# another lighting question



## Aristarchus (May 30, 2003)

hey i got my 125 home today (still need to buy filters, heaters, etc) but i was wondering how many strip lights i should get? it's 6 feet long, so should i get 2 at 36"? or what do you guys currently have on your setups? and should i get flourescent or natural colored bulbs?


----------



## Raptor (Jan 3, 2003)

3) 18 inchers, 2) 36 inchers The 18 inchers would look nicer. And then for bulbs go with the natural sunlight by ge at the local lowes or builder square. It's a lot cheaper


----------



## FeederFish33 (Jan 22, 2003)

i copied my lighting setup from mattias, after seeing his tank. He had 2 36 inch lights (I'm using 1 48 inch and 1 24 inch) and in front of those he has 2 24inch (I have 1 48 inch).

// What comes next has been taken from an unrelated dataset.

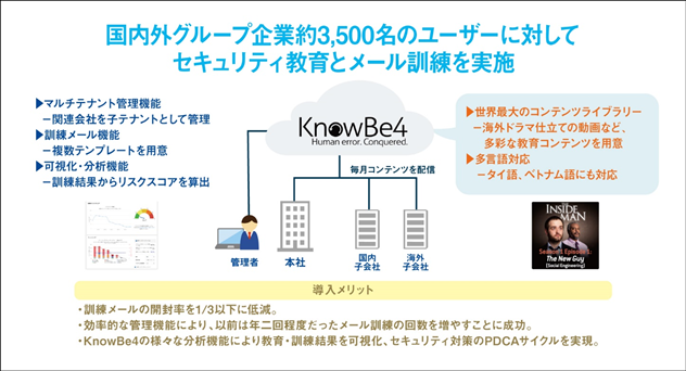 KnowBe4は、海外ドラマ仕立てのコンテンツをはじめ、多彩な教育コンテンツが大量に用意されており、また、メール訓練や訓練結果の可視化・分析機能も備えているので、教育・訓練・分析の各プロセスを、単一のプラットフォーム上で実行することができます。また、BBSはタイとベトナムに海外現地法人がありますが、KnowBe4は多言語対応でタイ語、ベトナム語にも対応していることから、これらの海外拠点にも教育や訓練を展開することができます。
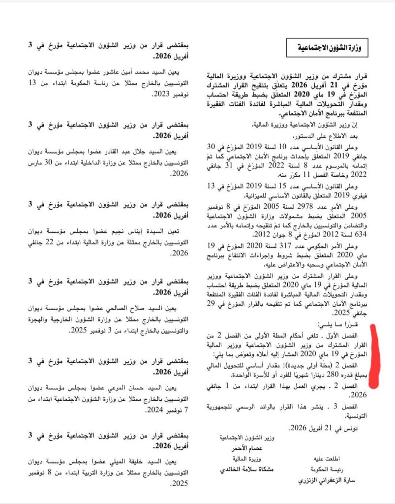 صدر بالرائد الرسمي للجمهورية التونسية بتاريخ 21 أفريل 2026 قرار مشترك عن وزير الشؤون الاجتماعية ووزيرة المالية يقضي بمراجعة مقدار المساعدة المالية الموجهة للتلاميذ ضمن برنامج الأمان الاجتماعي، في خطوة تهدف إلى تعزيز الإحاطة بالفئات الهشة وتحسين ظروف التمدرس.

I have my 48 and 24 on a timer so that they turn on at 9:30 in the morning and turn off at 8:30 at night. My lone 48 inch is on a timer that turns on at 8 in the morning and turns off at 10 at night. The 48 is colored purple. It looks pretty sweet. Its the same idea as mattias, with a few minor adjustments.


----------



## Judazzz (Jan 13, 2003)

I use one 48", 36 Watt tube with a reddish tint on my 80 gallon. Seems to be enough for the plants in there, since they do fine...


----------



## Mr. Hannibal (Feb 21, 2003)

I only use 2 36" daily for dim light and sometimes switch on a third one!


----------



## Aristarchus (May 30, 2003)

thanks guys, so mattias's lighting system is basically the same as yours but with a 3rd strip in the front? sounds pretty interesting.. i'll have to go to my lfs and see how much they want for used ones


----------



## nitrofish (Jan 14, 2003)

I dont have lighting on my 125 gallon piranha tank


----------



## InSinUAsian (Jan 3, 2003)

nitrofish said:


> I dont have lighting on my 125 gallon piranha tank


 I have lights but I never never never turn them on. Much better for the fish I believe. I think that me and Nitro are the only ones that think this way though. I like to create as little stress for my fish as possible. Bright lights an P's just dont mix.

~Dj


----------



## JesseD (Mar 26, 2003)

id use (3) 18 inch lights









that way u can make the tank dimmer if u wanted to!


----------



## nitrofish (Jan 14, 2003)

InSinUAsian said:


> nitrofish said:
> 
> 
> > I dont have lighting on my 125 gallon piranha tank
> ...


 ya, theres plenty of light in the room to see the fish anyway. besides they have always went nuts with the lights on the tank, so when I bought my 125 gallon tank I just got the glass tops instead of a full hood.


----------



## Aristarchus (May 30, 2003)

what i think i'm gonna do is... since i work for a solar screen company, building solar screens for homes.. i'm going to make a couple 8" x 30" (rough estimate) screens to mount underneath the lighting.. they block out a lot of heat and UV rays, and still let adequate light get through... so HOPEFULLY this will be a nice little idea if it works out as planned... i'll post pics once i get it created


----------